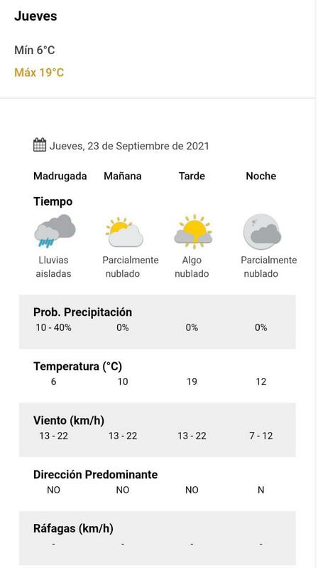 En la ciudad, esta tarde, la temperatura más elevada podría marcar diecinueve grados centígrados.
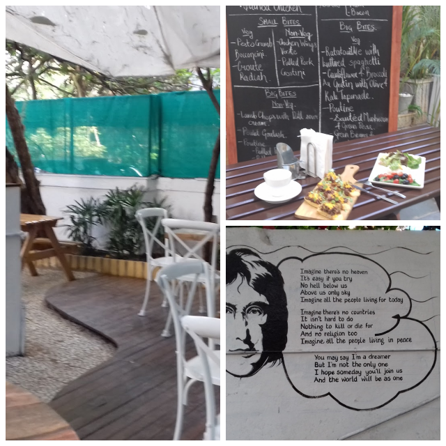 a very nice open garden cafe.quiet as it is in a lane next to malaca spice in lane 5 in koregaon park..parking is a problem as it is the last bungalow in the small lane..limited menu but good dishes.had pulled pork.tuna salad.potatoe&leak soup..very gd coffee and superb desserts...very gd value for money as all items reasonabley priced..
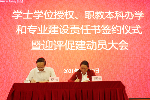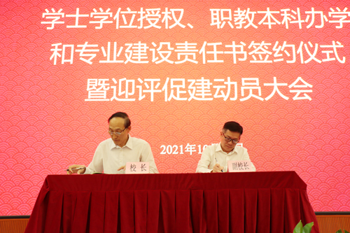 学校举行学士学位授权、职教本科办学和专业建设责任书签约仪式暨迎评促建动员大会
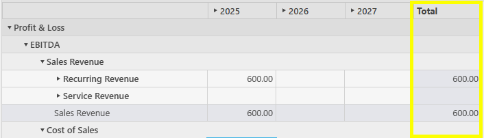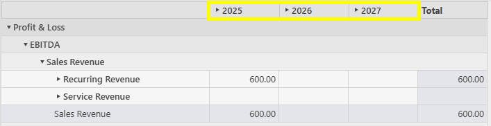 - Total spread: - Enter a value in the total column and it is divided equally across the periods.
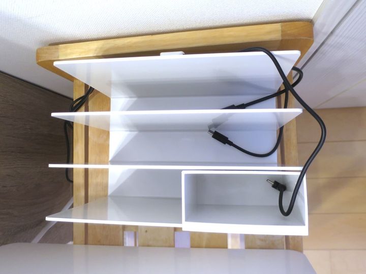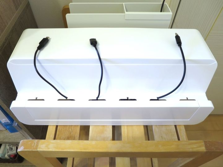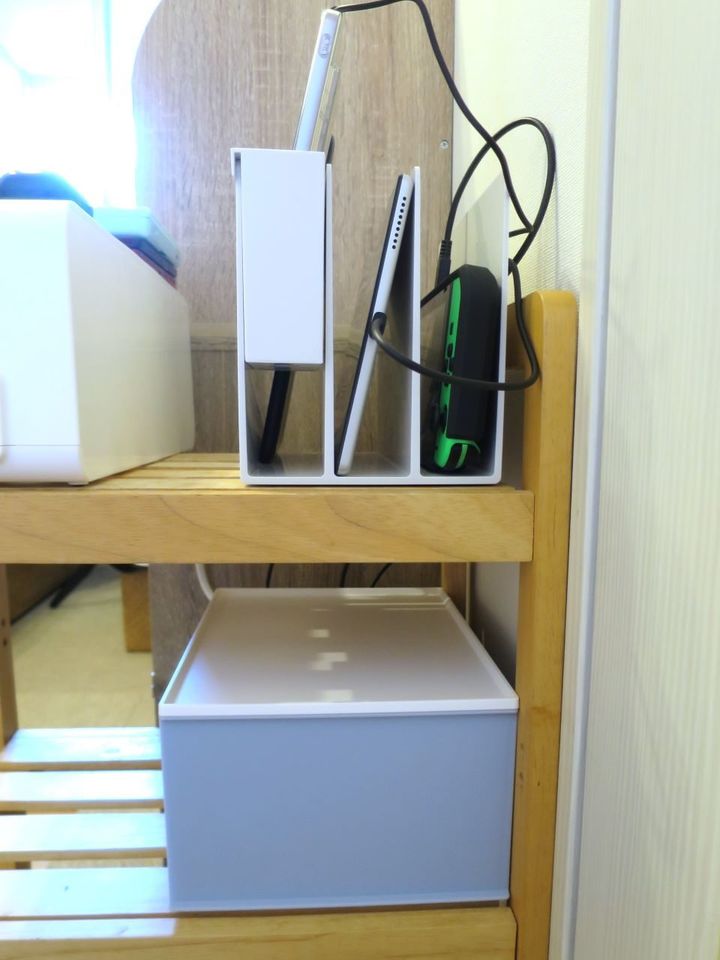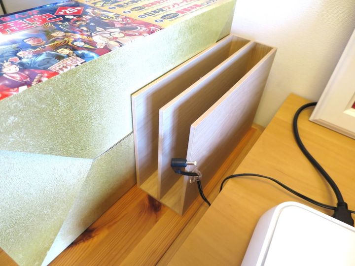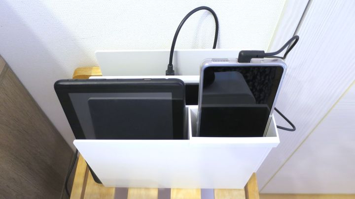 わが家で作った充電ステーションは、いずれも「仕切りスタンド+ケーブルボックス」という構造です。仕切りスタンドは、デバイスを置く定位置としての役割。ケーブルボックスは、電源タップと充電コード類をまとめて収納できるので、プラグ周辺にホコリがたまるのを防ぎ、見た目もスッキリさせることができます。
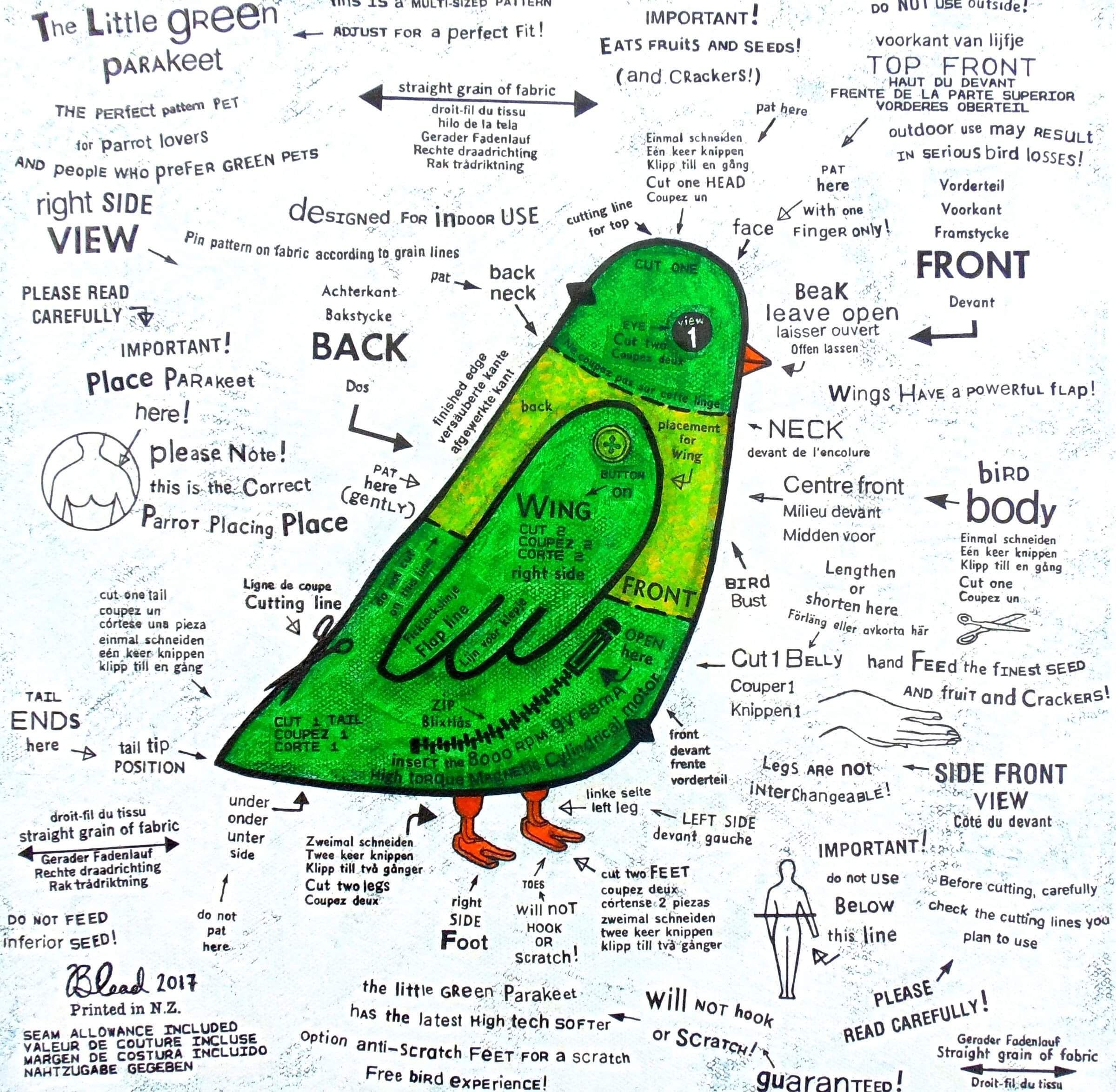 the little green parakeet 30 x 30 cm mixed media on canvas $450
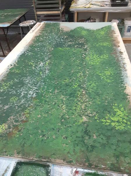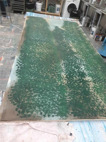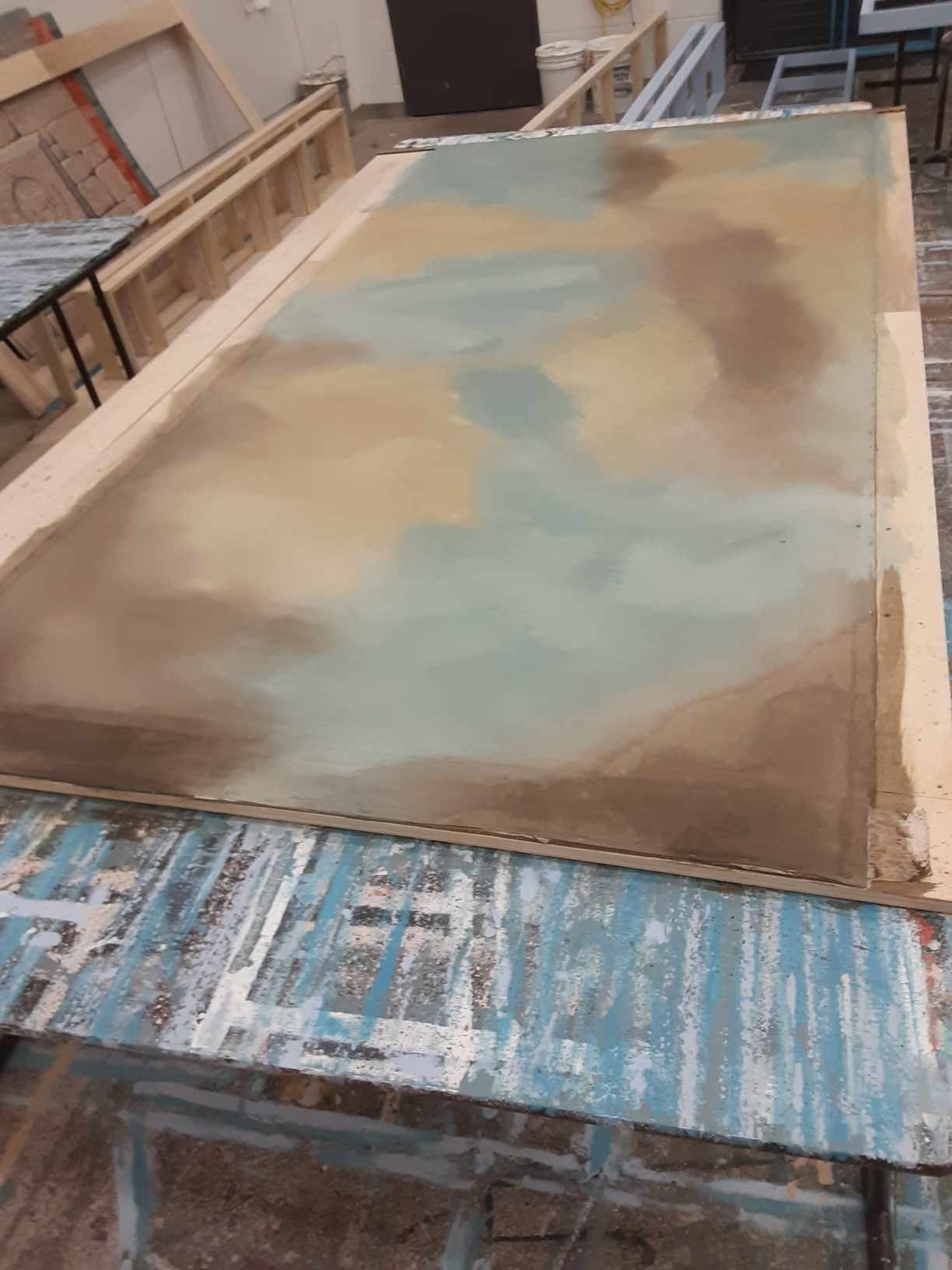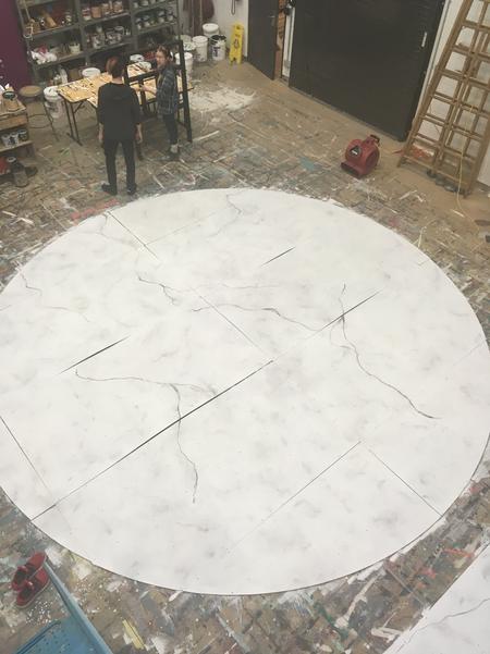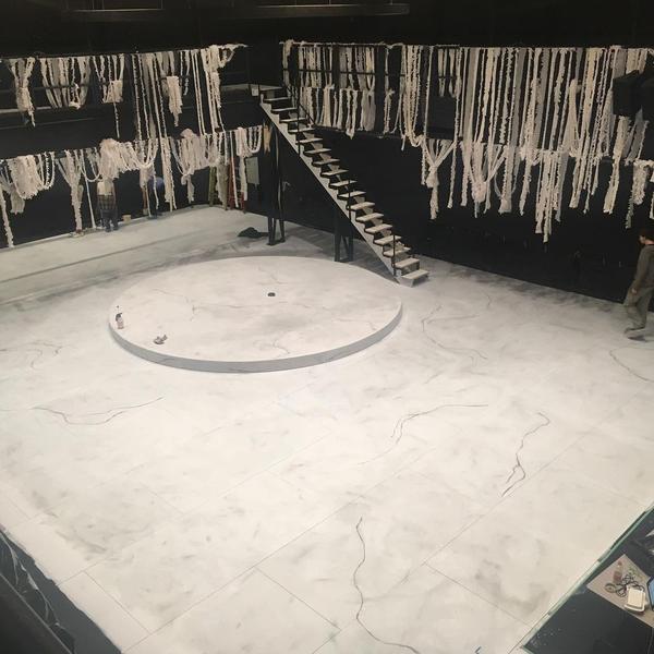 This show utilized a marbling technique that spanned the entire stage floor and revolve. I got very familiar with this technique and got to practice nearly every part of the process; rolling the paint, spraying the set with water, broom brushing colours in and splattering.

== Problem to solve ==
Could you set down, exactly as written, every line from the start of the records above through the line containing "the little green", leaving the pictures out?

== Solution below ==
 En la ciudad, esta tarde, la temperatura más elevada podría marcar diecinueve grados centígrados.
 a very nice open garden cafe.quiet as it is in a lane next to malaca spice in lane 5 in koregaon park..parking is a problem as it is the last bungalow in the small lane..limited menu but good dishes.had pulled pork.tuna salad.potatoe&leak soup..very gd coffee and superb desserts...very gd value for money as all items reasonabley priced..
 学校举行学士学位授权、职教本科办学和专业建设责任书签约仪式暨迎评促建动员大会
 - Total spread: - Enter a value in the total column and it is divided equally across the periods.
 わが家で作った充電ステーションは、いずれも「仕切りスタンド+ケーブルボックス」という構造です。仕切りスタンドは、デバイスを置く定位置としての役割。ケーブルボックスは、電源タップと充電コード類をまとめて収納できるので、プラグ周辺にホコリがたまるのを防ぎ、見た目もスッキリさせることができます。
 the little green parakeet 30 x 30 cm mixed media on canvas $450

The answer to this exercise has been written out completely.